Items from a data source
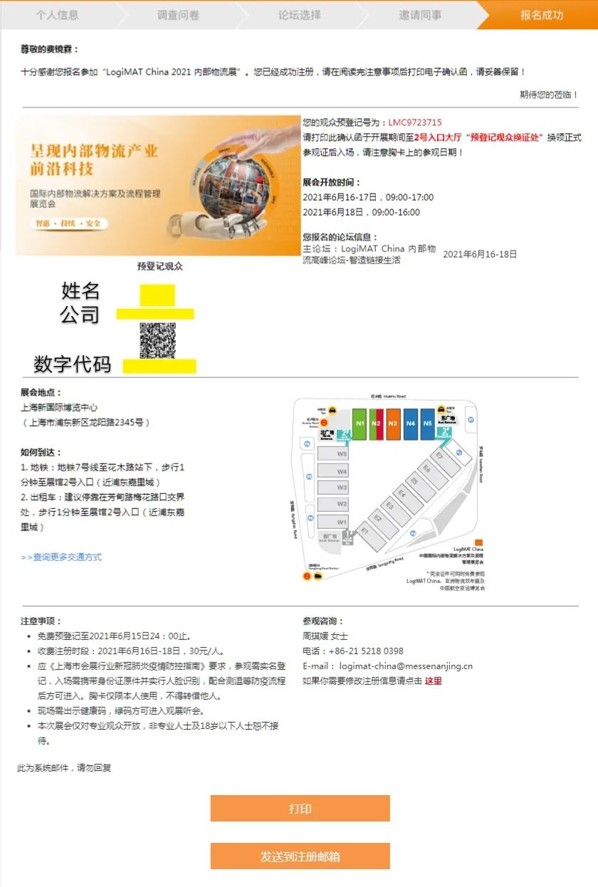 Step 5: 注册成功后将会出现您的个人信息及二维码,同时将收到短信通知与邮件。
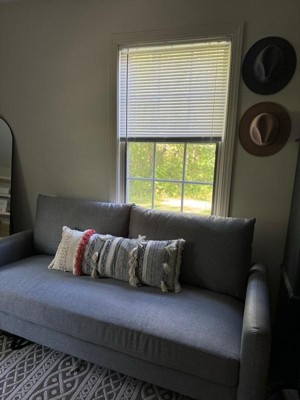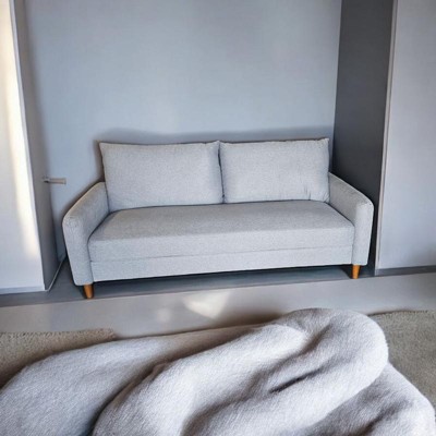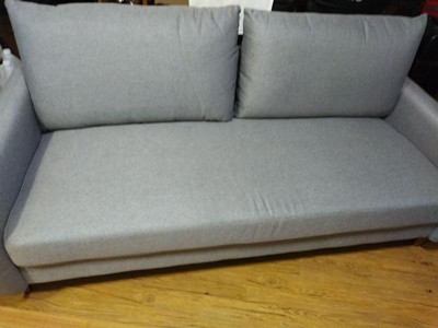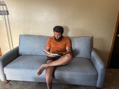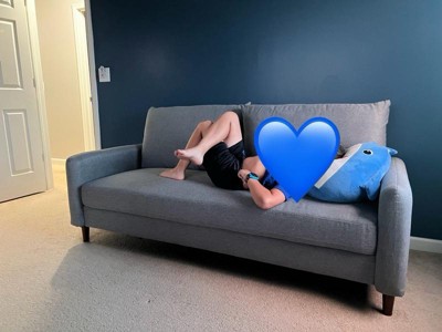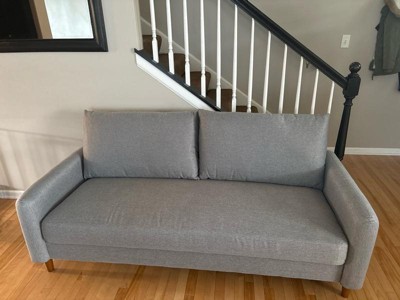 [This review was collected as part of a promotion.] It’s a modern design with firm cushions that are still comfortable. It comes in a light grey fabric that’s lint resistant and easy to care for. The assembly was pretty easy. All you need to do is tilt the arm rests at a slight angle and slide them onto the couch. Underneath the couch is storage for the back cushions and all you need to do is undo the velcro and remove them. You also need to screw in the legs of the couch. There are nonslip pads under the legs of the couch to keep your seat in place. It has a real eucalyptus wood frame and legs for sturdy support and a refined look.
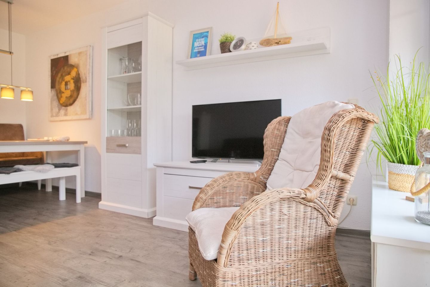Im Wohnbereich finden Sie eine Ledercouchgarnitur und einen Sessel. Zur Unterhaltung stehen Ihnen hier ein Flachbild- TV und eine Stereoanlage mit Bluetooth bereit.
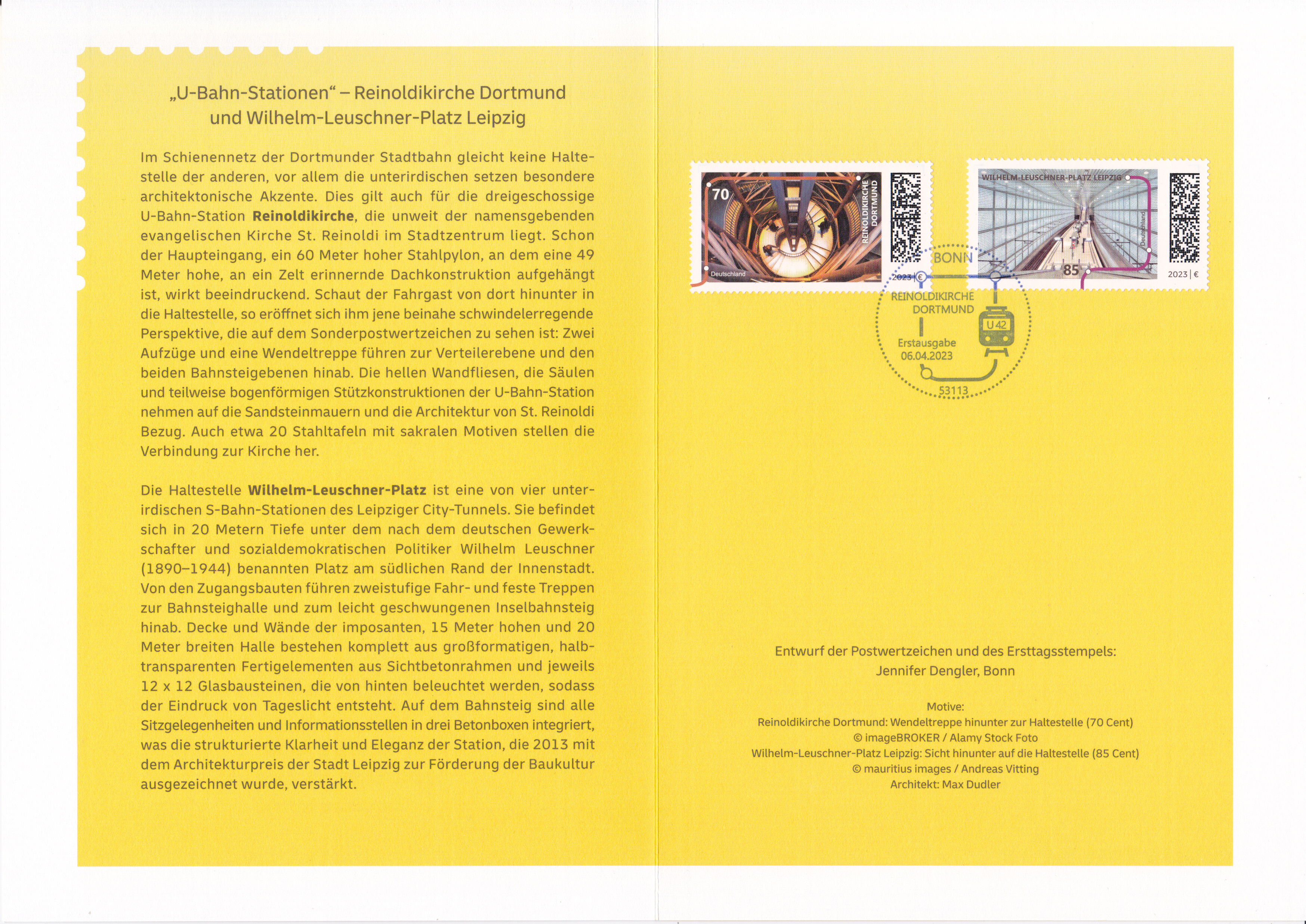 Klappkarte des Vorstandsvorsitzenden der Deutschen Post AG mit je einer Marke "U-Bahn-Haltestelle Reinoldikirche, Dortmund" und "U-Bahn-Haltestelle Wilhelm-Leuschner-Platz, Leipzig" aus der Serie "U-Bahn-Stationen" (MiNr 3759 und 3760) und dem Ersttagsonderstempel Bonn.
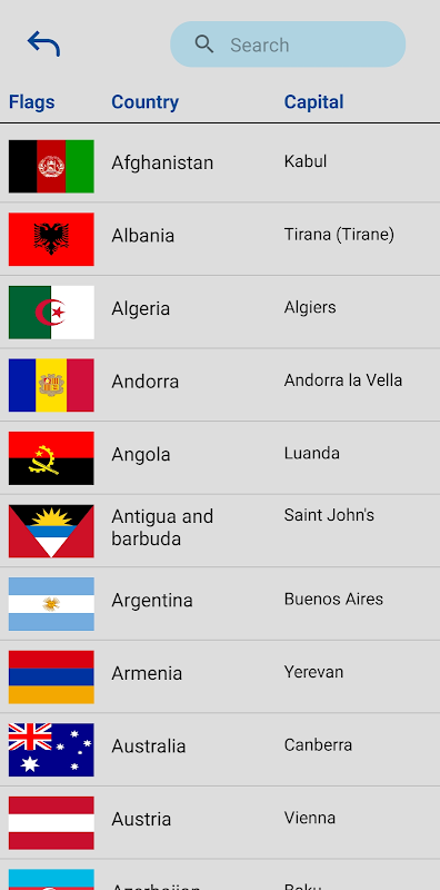 * Learn all countries flags and capitals.
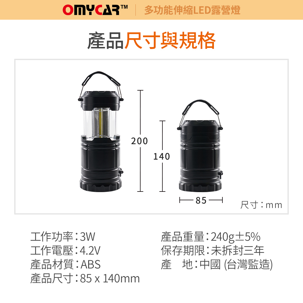 商品規格品名:【OMyCar】多功能伸縮LED露營燈材質:ABS尺寸:85x140mm ±5%重量:240g ±5%工作功率:3W工作變壓:4.2V保存期限:未拆封三年保固範圍:新品暇疵產地:中國(台灣監造)
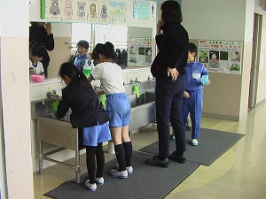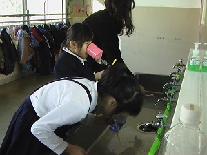 虫歯予防のため、本校では給食後に全員はみがきをしています。
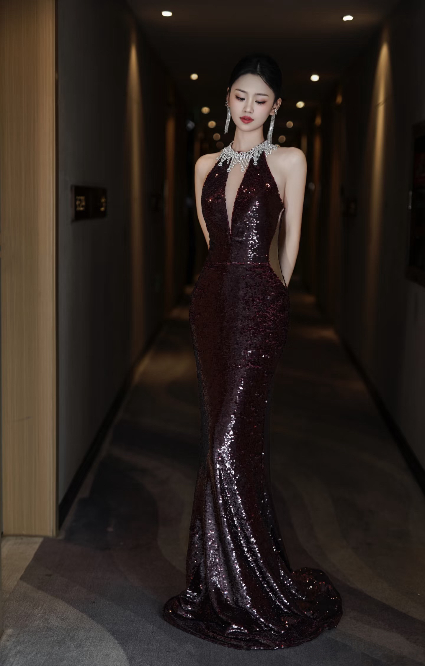红色挂脖礼服
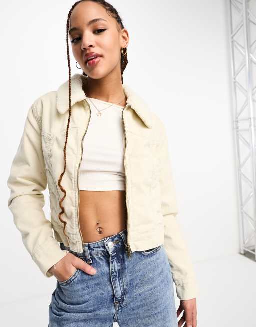 Levi's Cropped sherpa trucker jacket in cream with fur collar
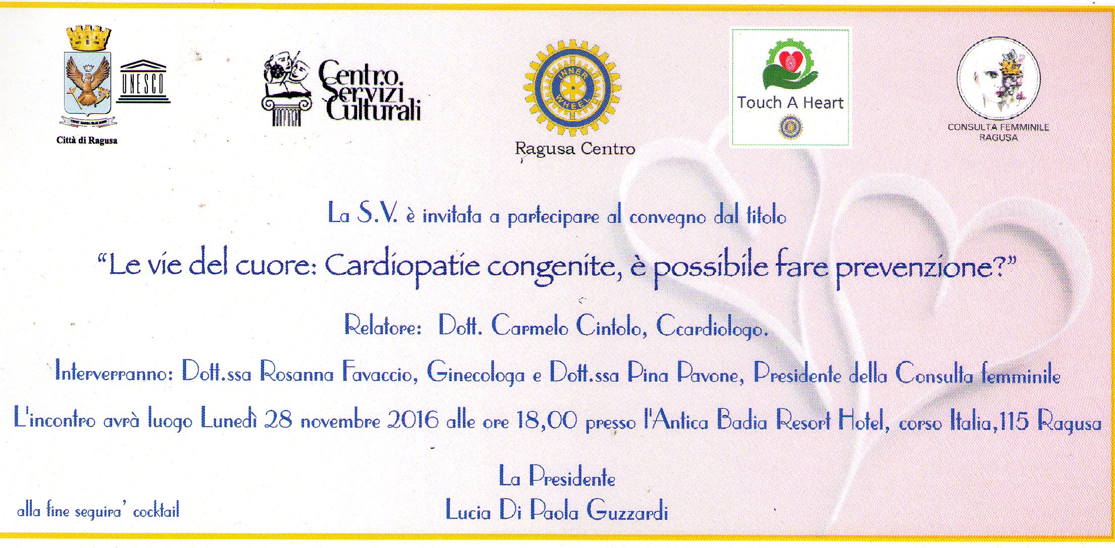 Convegno:“Le vie del cuore: cardiopatie congenite, è possibile fare prevenzione?” - 28 novembre - Antica Badia Resort Hotel (C.so Italia, 115 – Ragusa)
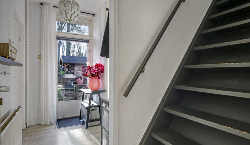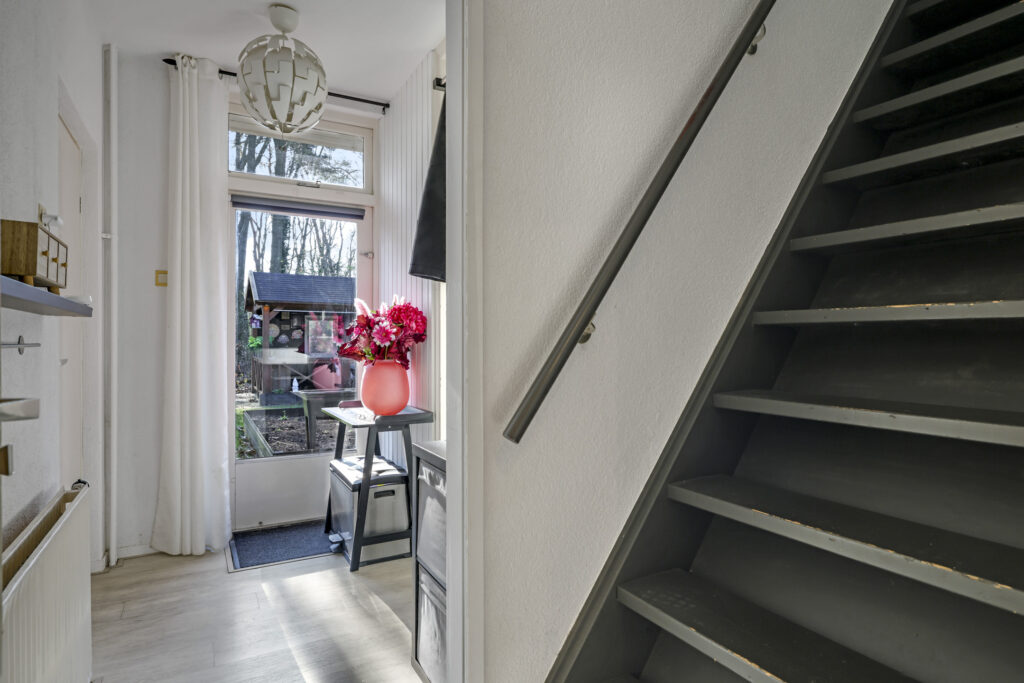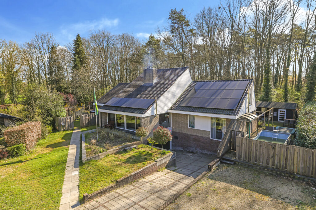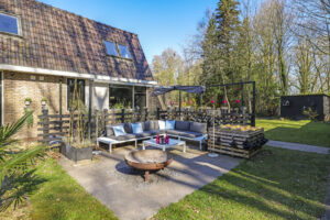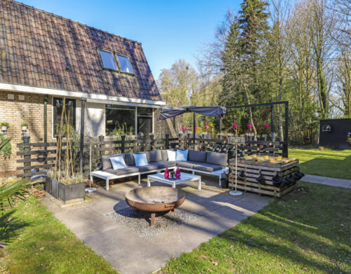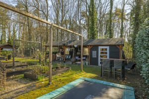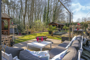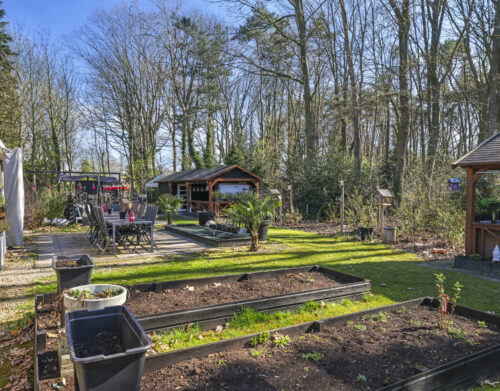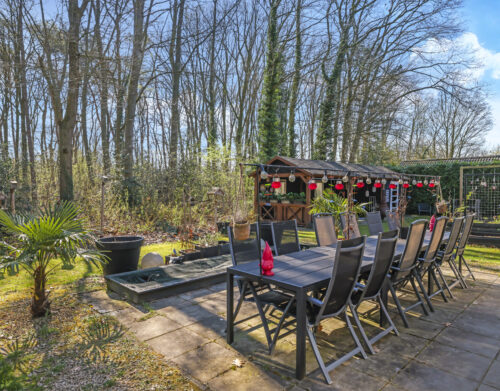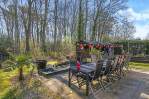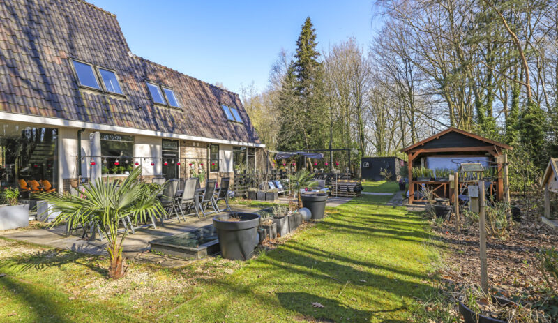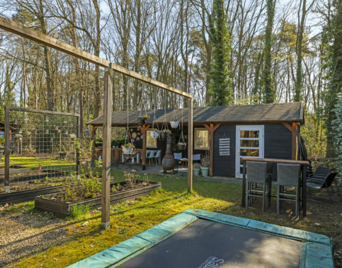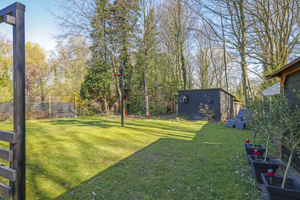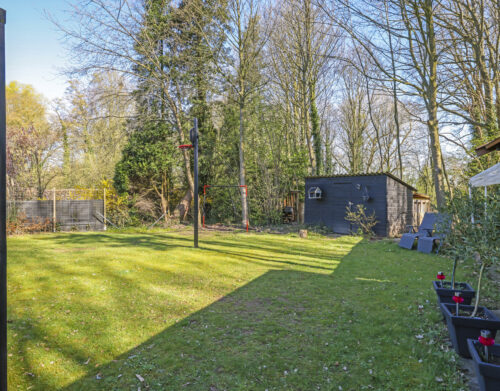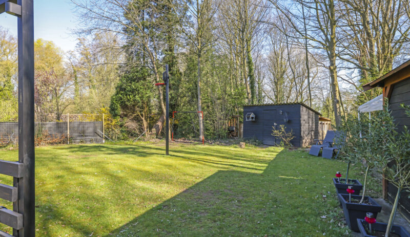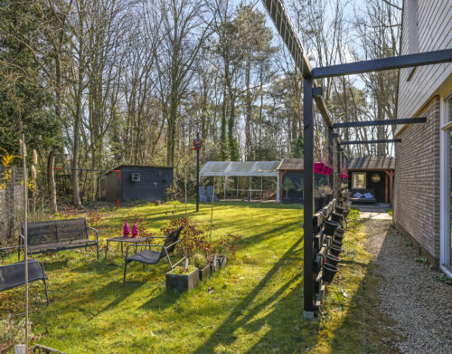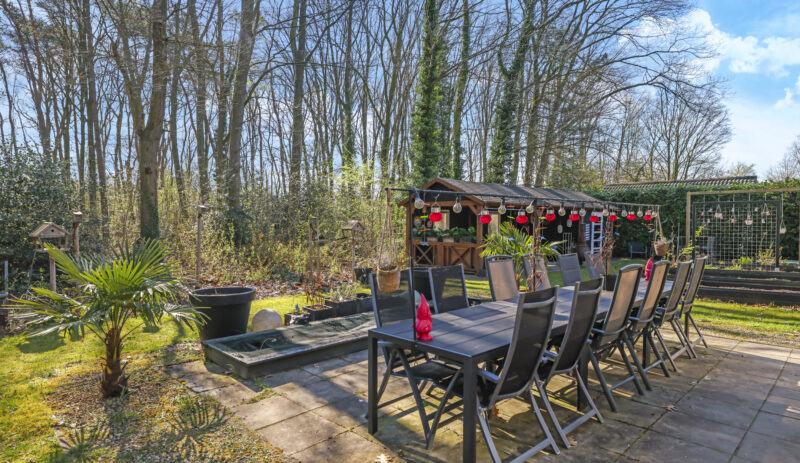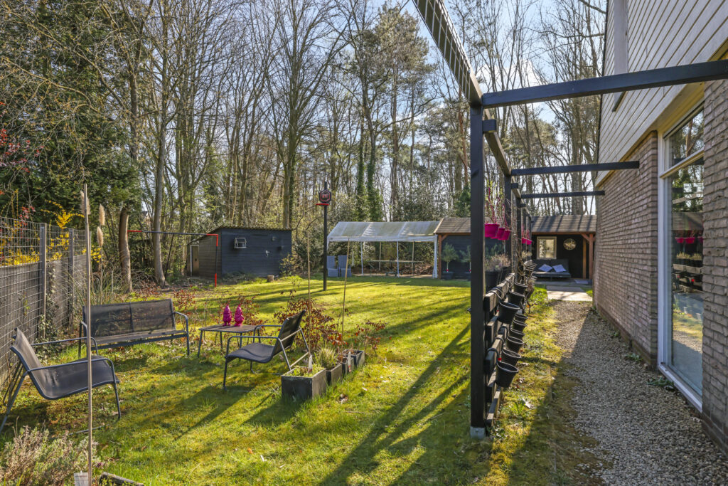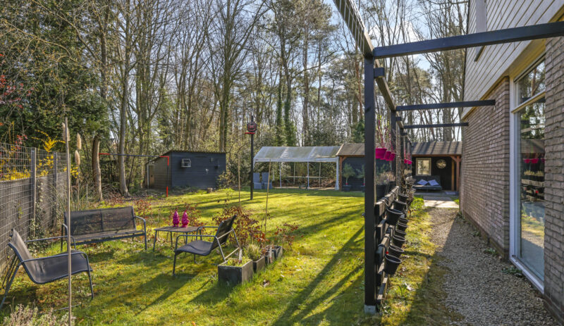 De woning is omgeven door een fantastische, brede achtertuin op het zuidoosten. Hier geniet u de hele dag door van zon, rust en volledige privacy. De tuin grenst direct aan een bosgebied, wat niet alleen zorgt voor een groene, natuurlijke achtergrond, maar ook voor een gevoel van vrijheid en beschutting.

### What you need to do
Say again, exactly, only those lines of the records that run from the start through the line with "Levi's Cropped sherpa". Pictures are to be skipped.

### Solution to this exercise
 Step 5: 注册成功后将会出现您的个人信息及二维码,同时将收到短信通知与邮件。
 [This review was collected as part of a promotion.] It’s a modern design with firm cushions that are still comfortable. It comes in a light grey fabric that’s lint resistant and easy to care for. The assembly was pretty easy. All you need to do is tilt the arm rests at a slight angle and slide them onto the couch. Underneath the couch is storage for the back cushions and all you need to do is undo the velcro and remove them. You also need to screw in the legs of the couch. There are nonslip pads under the legs of the couch to keep your seat in place. It has a real eucalyptus wood frame and legs for sturdy support and a refined look.
Im Wohnbereich finden Sie eine Ledercouchgarnitur und einen Sessel. Zur Unterhaltung stehen Ihnen hier ein Flachbild- TV und eine Stereoanlage mit Bluetooth bereit.
 Klappkarte des Vorstandsvorsitzenden der Deutschen Post AG mit je einer Marke "U-Bahn-Haltestelle Reinoldikirche, Dortmund" und "U-Bahn-Haltestelle Wilhelm-Leuschner-Platz, Leipzig" aus der Serie "U-Bahn-Stationen" (MiNr 3759 und 3760) und dem Ersttagsonderstempel Bonn.
 * Learn all countries flags and capitals.
 商品規格品名:【OMyCar】多功能伸縮LED露營燈材質:ABS尺寸:85x140mm ±5%重量:240g ±5%工作功率:3W工作變壓:4.2V保存期限:未拆封三年保固範圍:新品暇疵產地:中國(台灣監造)
 虫歯予防のため、本校では給食後に全員はみがきをしています。
红色挂脖礼服
 Levi's Cropped sherpa trucker jacket in cream with fur collar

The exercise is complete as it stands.